Not all investments can be used for tax-loss harvesting, though. The stocks have to be in a taxable account, like a regular brokerage account. Investments in tax-sheltered accounts like IRAs, 401(k)s, 403(b)s, and 529 college savings plans can’t be used for this strategy.
Additionally, you can only use tax-loss harvesting to lower your tax bill if you complete the sale before the end of the tax year. There isn’t a grace period like you receive for activities like funding an IRA, where you have until April 2020 for the 2019 tax year. For 2019’s taxes, that means you have to finish your tax-loss harvesting by December 31, 2019.
IRS Rules for Tax-Loss Harvesting
It’s important to understand that you won’t find the phrase “tax-loss harvesting” in any Internal Revenue Service (IRS) publication. The term describes a strategy, that’s all.
However, that doesn’t mean there aren’t rules that govern the associated activity. First, you have to deal with wash sales rules. These state that if you sell and then invest in the same stock or fund or something “substantially similar” to what you sold within 30 days of selling, your loss is disallowed. That means your tax break would effectively be reversed by the IRS, likely leaving you owing more in taxes. If you aren’t sure whether that scenario will apply to you, then it’s wise to consult with a tax professional to make sure you avoid the situation.
Additionally, you have to be careful when calculating your losses. Unless you purchased all of the losing stock at the exact same time, you probably paid different prices for it over time. You’ll need to carefully examine your records to make sure your cost basis calculations are accurate.
Further, the IRS requires that any offsets by loses be applied to the same type of gains. For example, if you sell a long-term investment, you have to apply that loss to your long-term gains first. Unless the amount exceeds your long-term gains, you can’t apply any to your short-term gains. Since short-term gains are taxed at higher rates, this can be frustrating. But, even if that’s the case, you have to follow the IRS rules.
You Might Want to Wait
While the idea of selling losing stock for a tax break might be enticing, the strategy only really pays off if you aren’t in a low tax bracket. While it may technically still work, you might experience more savings if you wait until you’re in a higher bracket.
Additionally, you don’t want to sell losing stock just for the tax break. Often, investing in stock is a long-term game. You’re aiming for growth over years or even decades. Unless there is something wrong with the investment and its long-term potential is effectively gone, or it no longer aligns with your investment strategy, you might want to consider holding on to see if it rebounds.
Finally, if you notice that a stock has turned into a loser during November and December, but was doing okay before, you might want to wait.
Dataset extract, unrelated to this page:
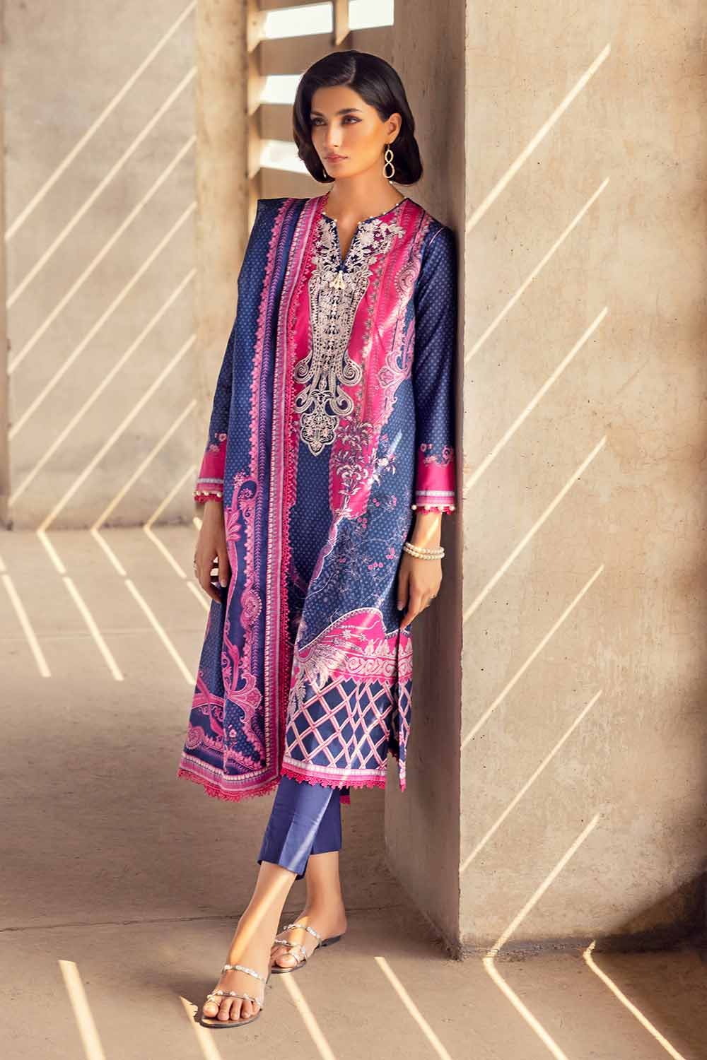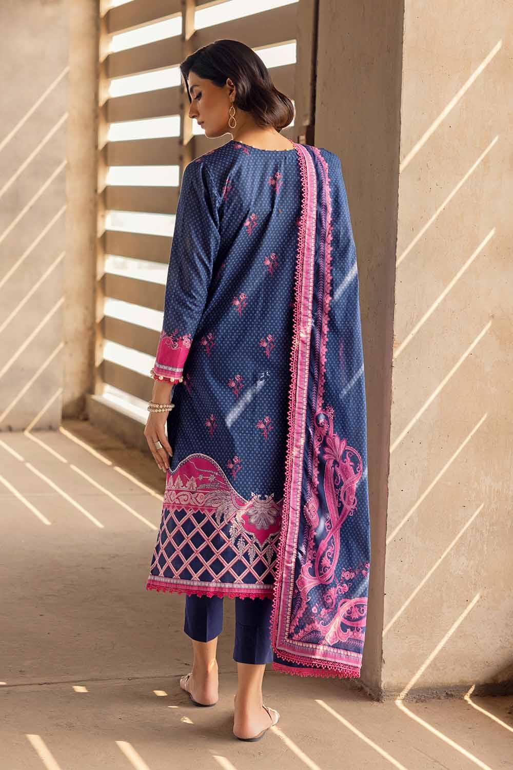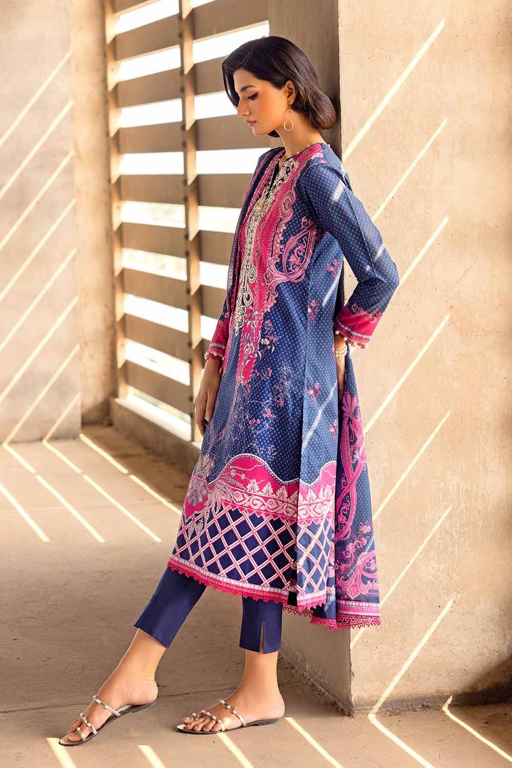 Fabric: Digital Printed Lawn Dupatta. -- 2.5 meters Digital Printed Cambric Shirt with Embroidered Neckline on organza. – 1.75 meters Dyed Trouser– 1.75 meters |

Since many investors use tax-loss harvesting strategies at the end of the year, there could be an increase in the number of sales. This pushes the value of the stock down, but the effect may be temporary. Once tax-loss season ends, it could go back up fairly quickly in the new year.
Should You Sell Losing Stocks to Pay Less in Taxes?
Ultimately, deciding whether you want to sell your losing stocks is a personal decision. However, if you’re in a higher tax bracket, have a significant amount in capital gains, and have some losing investments that aren’t likely to recover or don’t fit in with your investment strategy any longer, it could be worth exploring. If you aren’t sure whether it’s wise, speak with a financial advisor or tax specialist. They can help you understand your options and choose a path that’s right for you.